追客は「主担当・副担当・次回アクション・期限」の4点を必須項目にする。週1回、3日以上アクションが空いているリードを自動抽出して全件レビューする。

この現場メモは筆者が現場で実際に経験したエピソードに基づきます。Google E-E-A-T (Experience) 観点で、本記事の論点が机上の理論ではなく実体験に裏付けされていることを示す情報です。

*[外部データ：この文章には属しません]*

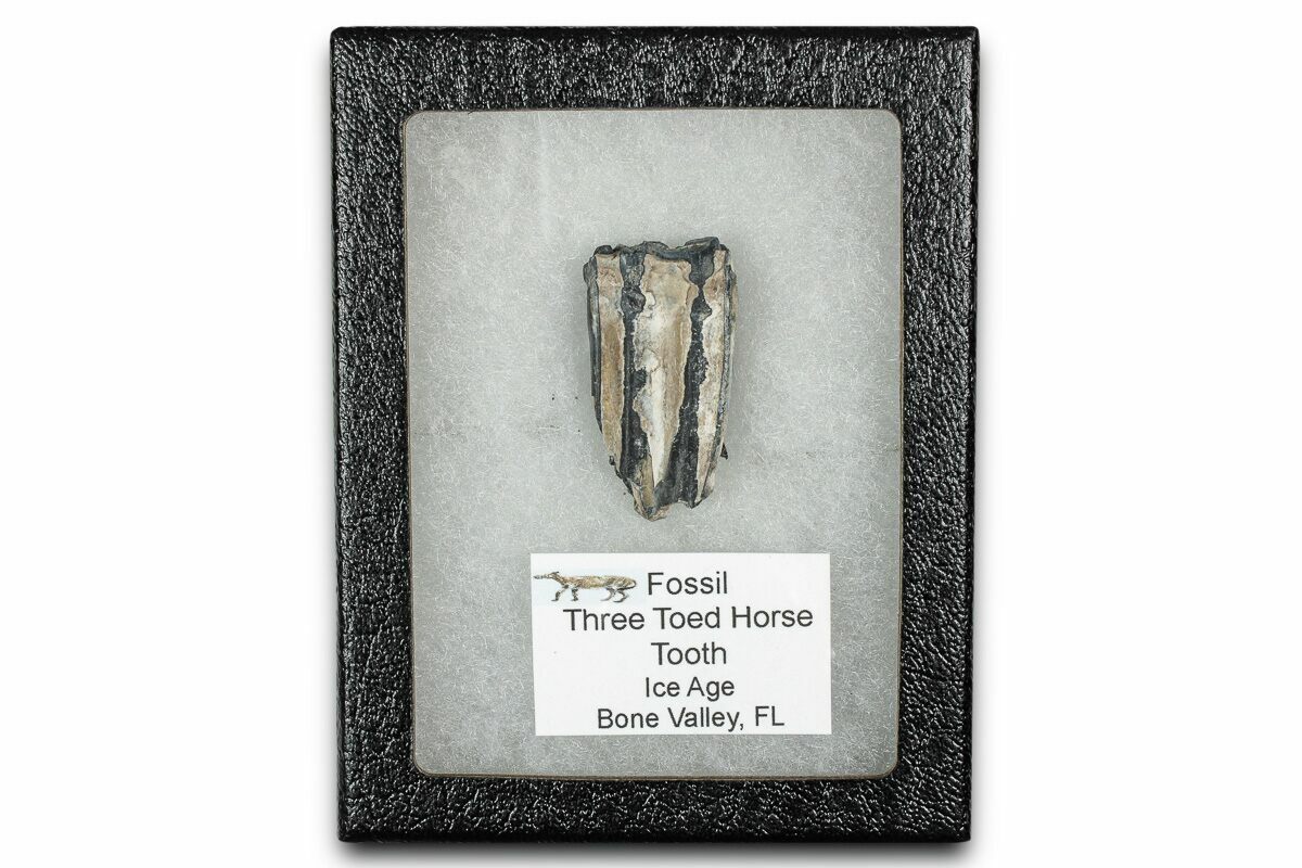 This is a 1.5" long Pliocene/Miocene-aged fossil three-toed horse tooth collected in Bone Valley, Florida. These teeth are commonly found associated with fossils from many other Late Miocene and early Pliocene (ice age) mammals. It is accompanied by a riker mount display case.
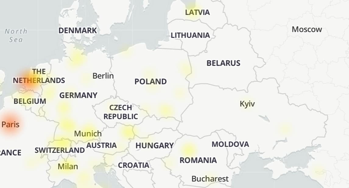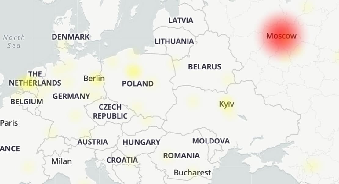 Судя по карте, ситуация также отразилась на пользователях из Киева.
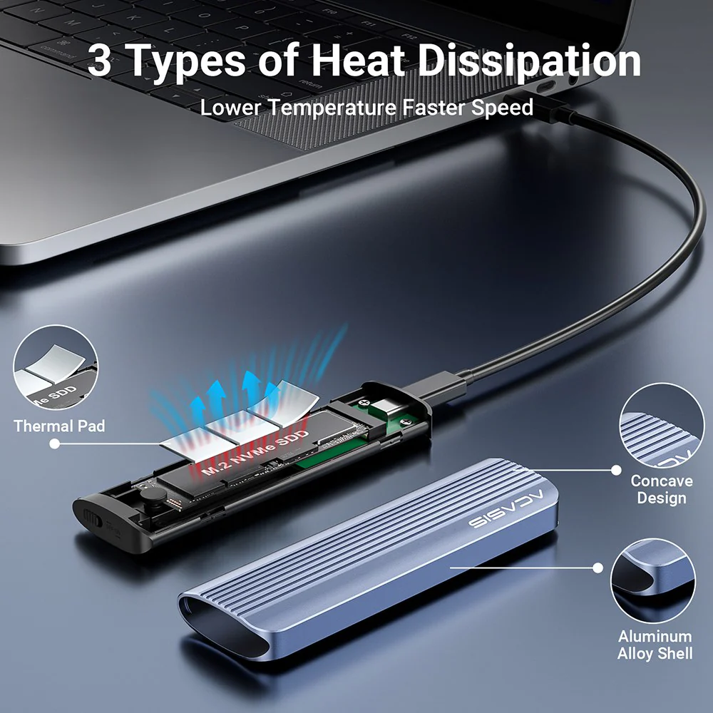 ACASIS nvme enclosure supports NVMe/PCIe M-Key/B+M Key SSDs(Max 8TB) with size 2230/2242/2260/2280. Compatible with Windows, macOS and Linux.

同じテーマで深掘りしたい場合や、関連する論点を整理する際にお読みください。

出典・参考資料

本記事の主張は以下の公的機関・業界団体の公表情報をもとにしています。

よくある質問

Q. 不動産業務をデジタル化するメリットは?
不動産業務のデジタル化は、単なるペーパーレス化ではなく、「ミス削減」「スピードアップ」「営業機会増」の 3 つのメリットがあります。例えば「顧客データベース」を導入すれば、営業スタッフが顧客情報を正確に把握でき、提案の質が向上します。同時に、重複営業や対応漏れがなくなり、顧客満足度も向上するのです。
Q. SaaS 導入で費用対効果を出すには?
費用対効果を出すには、導入前に「どの業務が月何時間かかっているか」を把握することが必須です。その上で、SaaS で削減できる工数を測定し、「年間削減額」を算出します。一般的には「初期費用 + 年間使用料」を「年間削減額」で割った「回収年数」が 1 年以内なら、投資価値があります。
Q. 不動産会社の DX 導入で成功する条件は?
DX 成功の条件は「経営層の強いコミットメント」と「現場スタッフの主体的な関与」です。経営層が予算と時間を確保し、現場スタッフが「このツールでどう楽になるか」を主体的に考えるようになれば、3~6 ヶ月で「これなしで仕事はできない」レベルの定着率を達成できます。